Q4: How effective are current remedies for findings of discrimination in achieving change, and what alternatives or additional penalties should be available?

  1. The EIS has found that there are limited remedies for findings of discrimination; compensation for injury to feelings is the outcome usually sought by claimants, in our experience. However, claimants often simply wish to be listened to, to have change implemented and perhaps to receive an apology – remedies which are not available to claimants in the employment tribunal.

    Again, judicial mediation can be useful in achieving such alternative remedies.
  2. The current updated Vento bands are low and, particularly for companies with larger resources, do not serve as a deterrent or a punishment to employers who discriminate against employees.
  3. The EIS has not found many recommendations to be made by employment tribunal judges and without follow up, this remedy lacks teeth. The EIS would support penalties in line with the upper Vento band for failure to implement a recommendation.

Q5: The effectiveness of the Equality and Human Rights Commission as an enforcement body.

  1. The EIS has not had any direct experience of the EHRC using its powers and cannot therefore comment on its effectiveness.
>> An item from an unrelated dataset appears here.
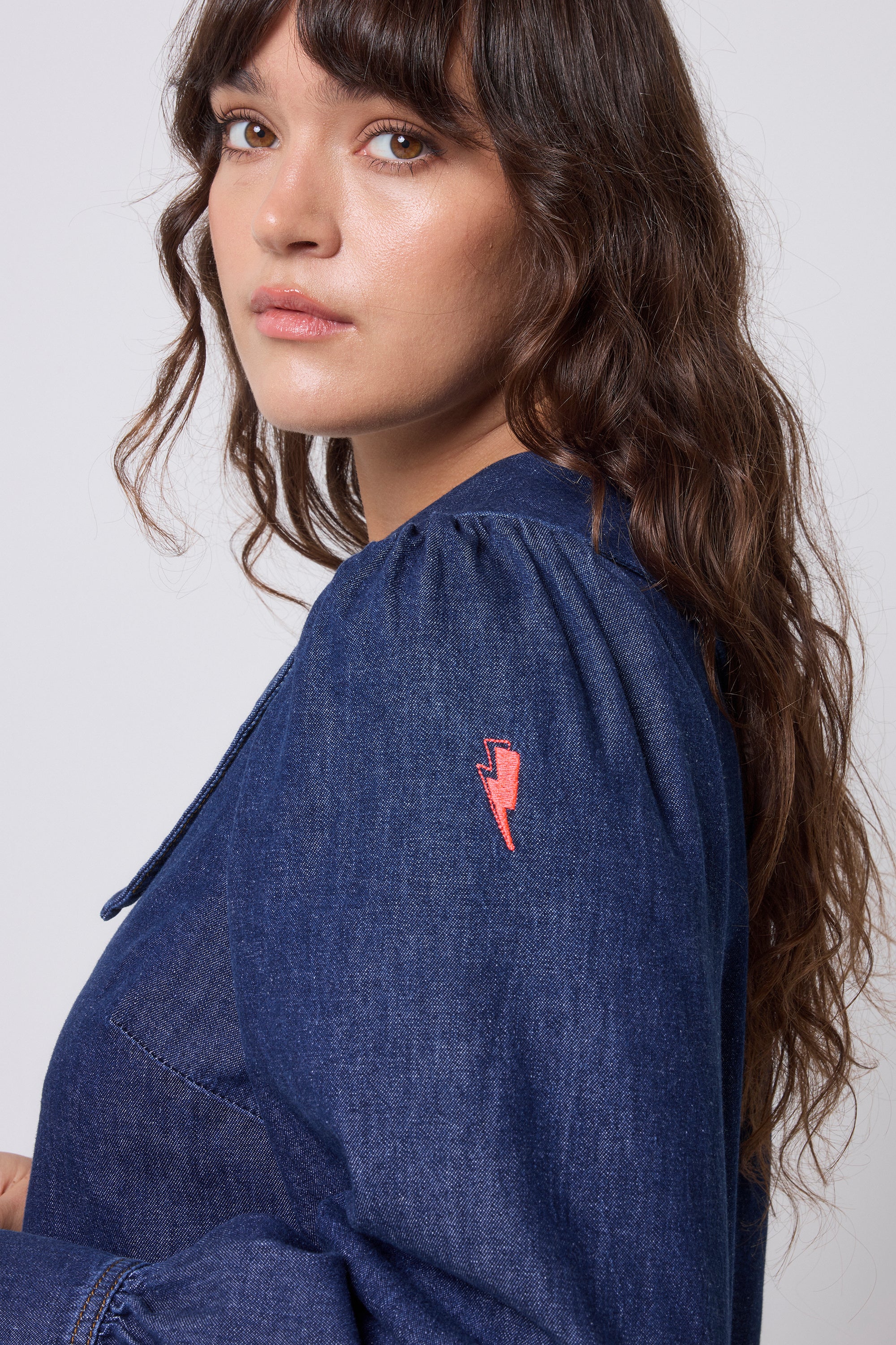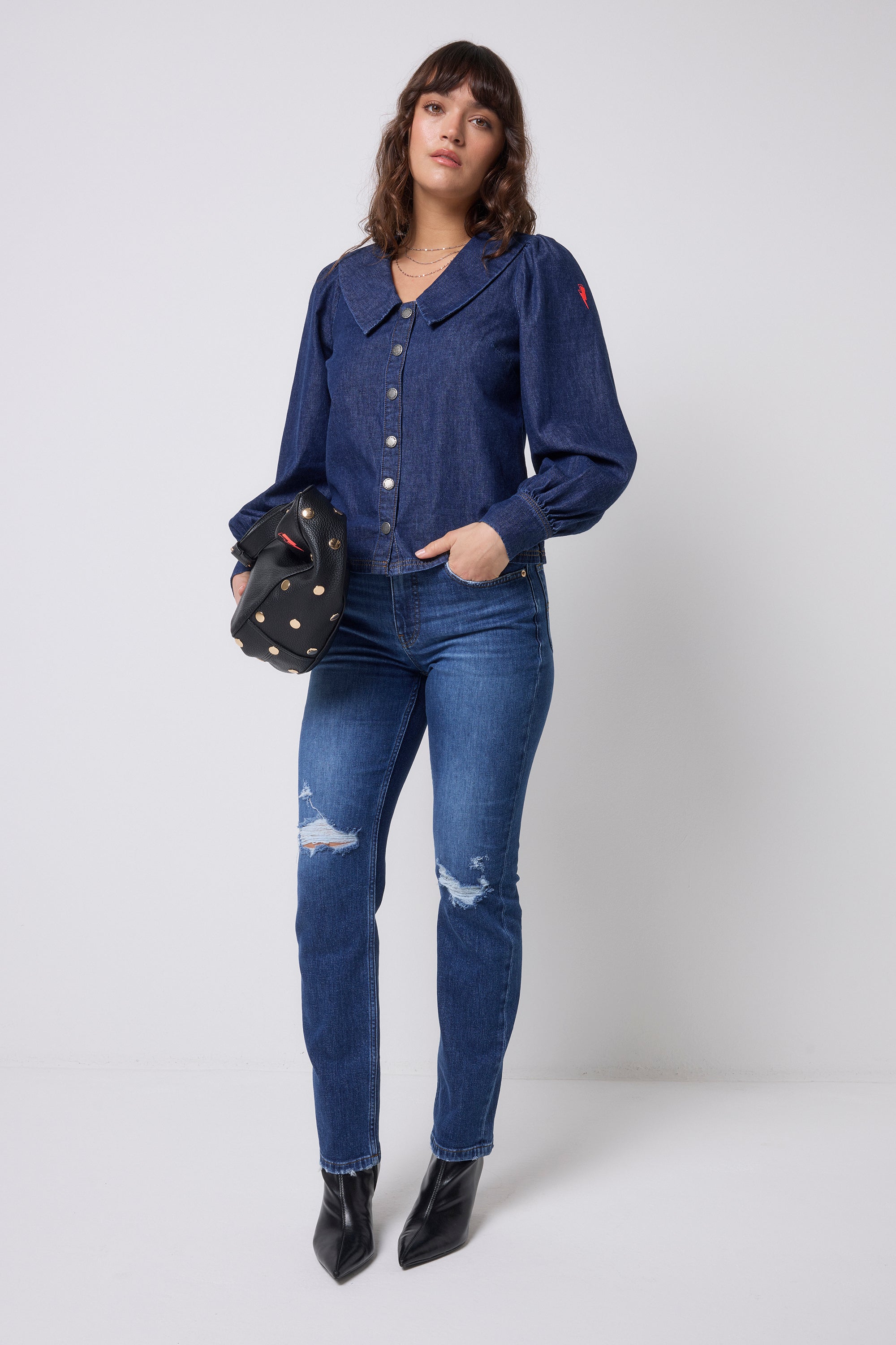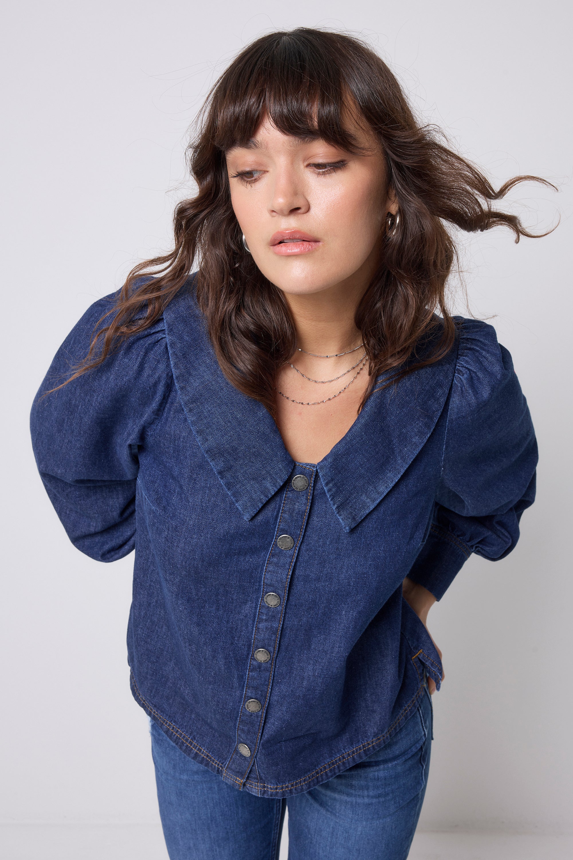 A dark denim blouse designed for effortless versatility. Featuring an oversized statement collar, button poppers and a softly ballooned sleeve, it’s made to be worn your way, tucked in or loose, dressed up or pared back. The ultimate day-to-night staple.

However, we observe that its budget has been significantly cut in recent years; it reported in 2017 that its expenditure had reduced by 68% since its first full year in operation and was facing further substantial cuts. We suggest that in order to be an effective arbiter of equality and human rights the Commission must be sufficiently resourced and staffed.

Q6: Whether there are other models of enforcement, in the UK or other countries, that could be a more effective means of achieving widespread compliance with the Equality Act 2010, either overall or in specific sectors.

  1. We do not have information on other models of enforcement. General remarks
  2. The EIS has heard from members that they lack awareness of the Equality Act 2010, and have not had adequate professional learning on its contents, or indeed been introduced to the Act during their initial teacher education.

    EGiven the scope of the Act, and its direct relevance to teachers, both as employees, and as educators who have an important role in preventing discrimination, promoting equality and fostering good relations between people with and without protected characteristics, this is concerning.
  3. A sample survey of members conducted in spring 2017 found that fewer than half of respondents had had training on the Equality Act 2010: 40% of respondents had received training on this legislation, but 60% had not.

    It is our position that all teachers should be conversant with this legislation. People will not be able to understand and enforce their rights (and those of others) if they lack basic awareness of the legal framework on which those rights are built. If the Act is amended we would ask that due consideration is given to how people will be made aware of the changes.